Les pérégrinations d'un carnassier de nos rivières
Il s’agit, vous l’aurez deviné, de l’anguille.
Ce n’est pas ce que vous auriez dit ? Moi non plus, je l’avoue. Mais depuis une certaine randonnée dans la vallée de la Somme avec Jacques Leconte - le 18 mars 2006-, je suis devenu cultivé, enfin presque.
Oui, l’anguille est un prédateur de nos rivières, et son propre prédateur de référence, c’est l’homme.
En face du mémorial de la guerre de 14 – 18 à Péronne, on peut, en effet, trouver, au marché, des anguilles séchées (boucanées ?) et même du pâté d'anguilles ! Il s’agit de spécialités de la région qui tiennent à un point d’histoire.
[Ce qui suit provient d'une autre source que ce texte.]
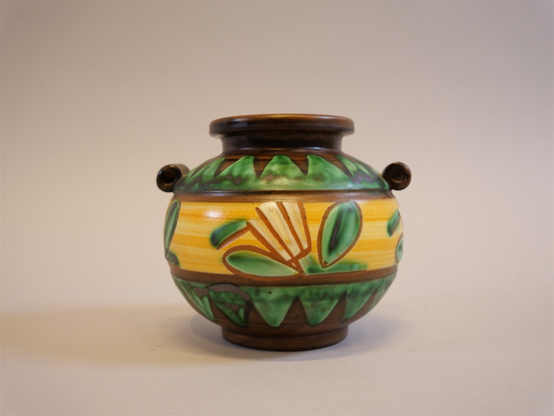 156. EKEBY. Vaser 2 st H 12, 14 cm. SKÅL H 9,5 cm.
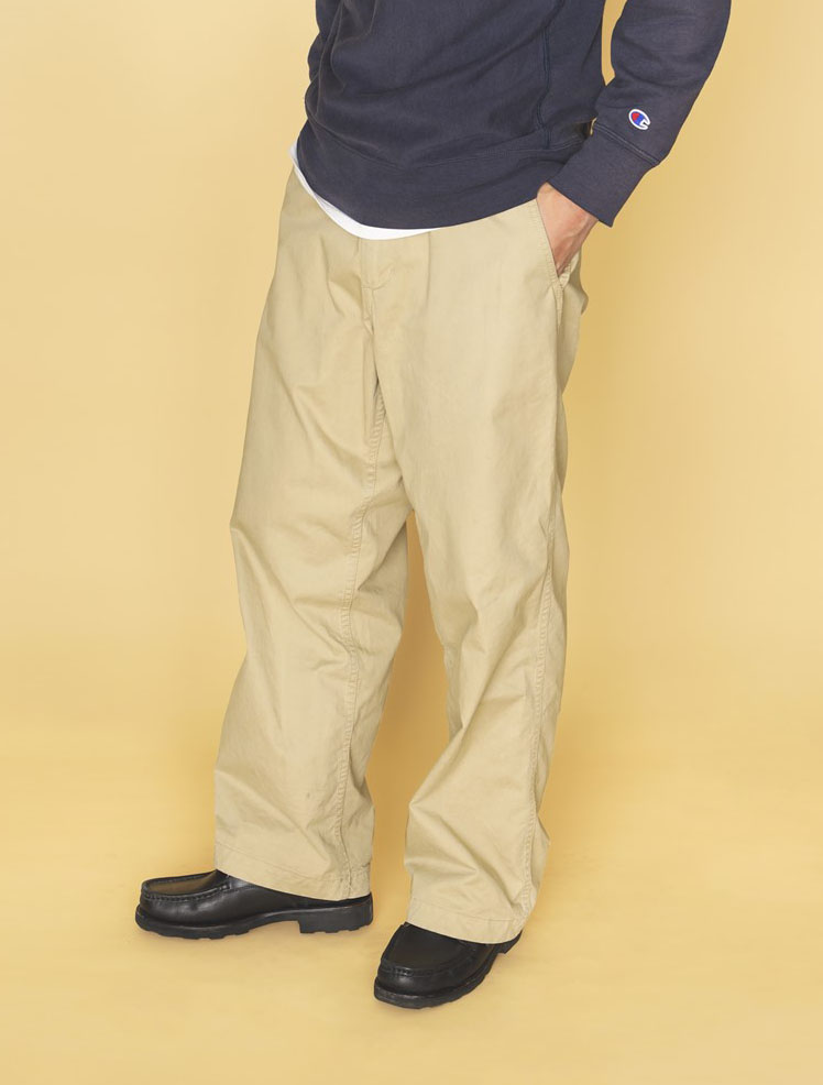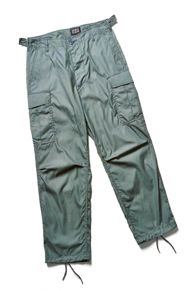 高密度に織り上げたコットンポプリンを使用したファティーグパンツは、太めのワタリに対して、裾に向けてややテーパードが施された穿いて美しいシルエットが特徴。「ヨーロッパとアメリカで流行したミリタリーパンツのディテールを融合させたデザイン。武骨になりすぎないシルエットとカラーはジャケットスタイルにも有効です」
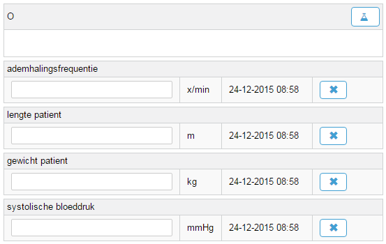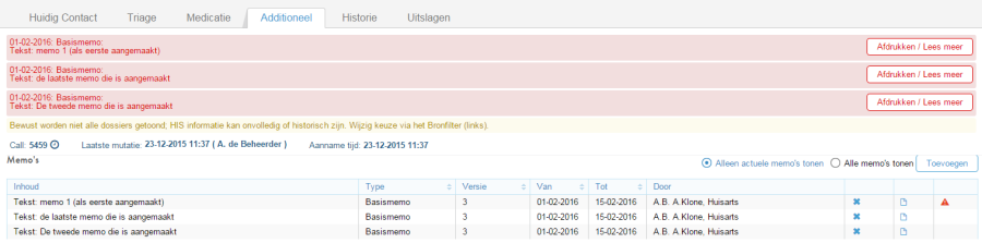 Tabbladen Triage, Medicatie, Additioneel, Historie & Uitslagen
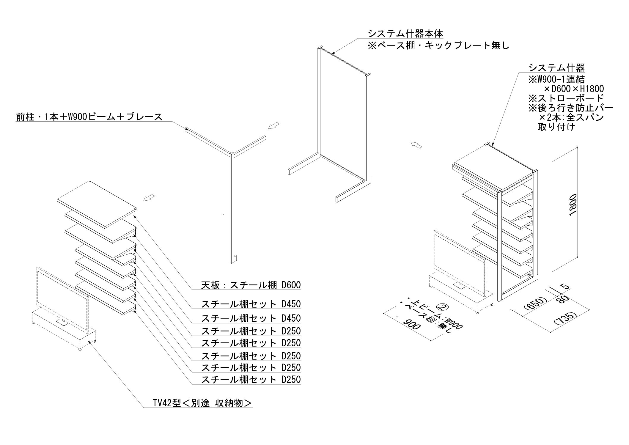 ■ スチール棚セット W900 × D250 販売価格 ¥(税込・送料組立別途)

Les anguilles frétillent dans bien d’autres endroits en France, mais seule cette région de la Somme aurait reçu de Napoléon le droit de les piéger dans des anguillères. Du moins, en principe. On trouve aussi de tels pièges dans la Creuse.
Mais de quoi s’agit-il au juste ?
En aval d’un étang, on crée une dénivelée qui précipite les eaux dans un grand caisson à lamelles en bois. L’eau s’écoule entre ces lamelles pour rejoindre la Somme, mais l’anguille reste piégée.
Anguillère d'Eclusier-Vaux en Haute Somme
Mais quid des voyages de l’anguille ? J’ai été surpris d’apprendre qu’à l’âge adulte, l’anguille quitte sa rivière, son fleuve, pour se diriger vers la mer et rejoindre … la mer des Sargasses ! Il s’agit bien de cette mer du golfe du Mexique, aux eaux calmes, chaudes, abritant une riche flore marine.
Dans ce paradis tropical, l’anguille se reproduit : la femelle peut pondre jusqu’à un million d’œufs !
Dès que les petits ont suffisamment de force, ils quittent ces eaux chaudes et rejoignent les fleuves de leurs ancêtres, probablement en se laissant porter par le Gulf Stream. Ce voyage peut durer de 2 à 3 ans. En baie de Somme, ils remontent le fleuve vers leurs lieux de chasse … et vers les anguillères.
On apprend bien des choses en randonnant avec certains animateurs comme Jacques Leconte.